Segment Open

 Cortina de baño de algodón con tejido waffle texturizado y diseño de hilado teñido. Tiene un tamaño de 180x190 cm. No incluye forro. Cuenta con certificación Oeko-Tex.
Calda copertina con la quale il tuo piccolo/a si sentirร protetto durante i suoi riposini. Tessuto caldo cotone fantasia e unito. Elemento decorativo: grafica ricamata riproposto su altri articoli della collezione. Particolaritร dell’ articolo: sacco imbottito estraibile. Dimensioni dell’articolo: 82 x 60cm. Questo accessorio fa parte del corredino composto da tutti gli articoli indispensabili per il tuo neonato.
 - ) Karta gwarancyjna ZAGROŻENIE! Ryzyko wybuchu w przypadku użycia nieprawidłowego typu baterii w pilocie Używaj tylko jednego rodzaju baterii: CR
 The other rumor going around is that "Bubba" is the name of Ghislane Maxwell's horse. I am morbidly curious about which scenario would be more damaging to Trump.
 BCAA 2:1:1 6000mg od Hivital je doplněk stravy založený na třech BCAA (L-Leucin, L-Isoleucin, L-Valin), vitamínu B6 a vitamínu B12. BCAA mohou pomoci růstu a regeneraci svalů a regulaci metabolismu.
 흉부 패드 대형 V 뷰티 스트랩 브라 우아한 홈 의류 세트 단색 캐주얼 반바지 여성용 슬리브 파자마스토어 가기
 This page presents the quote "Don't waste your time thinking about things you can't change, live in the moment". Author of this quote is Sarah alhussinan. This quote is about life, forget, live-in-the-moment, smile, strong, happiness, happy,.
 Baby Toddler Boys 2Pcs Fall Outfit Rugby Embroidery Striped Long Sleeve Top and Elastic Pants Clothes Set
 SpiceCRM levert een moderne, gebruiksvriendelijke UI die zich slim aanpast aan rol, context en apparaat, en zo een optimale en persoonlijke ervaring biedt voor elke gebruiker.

Segment Closed

## Prompt
An exact transcription of the lines from the start of the listing through the line bearing "Baby Toddler Boys" is the whole answer.

## Reply
 Cortina de baño de algodón con tejido waffle texturizado y diseño de hilado teñido. Tiene un tamaño de 180x190 cm. No incluye forro. Cuenta con certificación Oeko-Tex.
Calda copertina con la quale il tuo piccolo/a si sentirร protetto durante i suoi riposini. Tessuto caldo cotone fantasia e unito. Elemento decorativo: grafica ricamata riproposto su altri articoli della collezione. Particolaritร dell’ articolo: sacco imbottito estraibile. Dimensioni dell’articolo: 82 x 60cm. Questo accessorio fa parte del corredino composto da tutti gli articoli indispensabili per il tuo neonato.
 - ) Karta gwarancyjna ZAGROŻENIE! Ryzyko wybuchu w przypadku użycia nieprawidłowego typu baterii w pilocie Używaj tylko jednego rodzaju baterii: CR
 The other rumor going around is that "Bubba" is the name of Ghislane Maxwell's horse. I am morbidly curious about which scenario would be more damaging to Trump.
 BCAA 2:1:1 6000mg od Hivital je doplněk stravy založený na třech BCAA (L-Leucin, L-Isoleucin, L-Valin), vitamínu B6 a vitamínu B12. BCAA mohou pomoci růstu a regeneraci svalů a regulaci metabolismu.
 흉부 패드 대형 V 뷰티 스트랩 브라 우아한 홈 의류 세트 단색 캐주얼 반바지 여성용 슬리브 파자마스토어 가기
 This page presents the quote "Don't waste your time thinking about things you can't change, live in the moment". Author of this quote is Sarah alhussinan. This quote is about life, forget, live-in-the-moment, smile, strong, happiness, happy,.
 Baby Toddler Boys 2Pcs Fall Outfit Rugby Embroidery Striped Long Sleeve Top and Elastic Pants Clothes Set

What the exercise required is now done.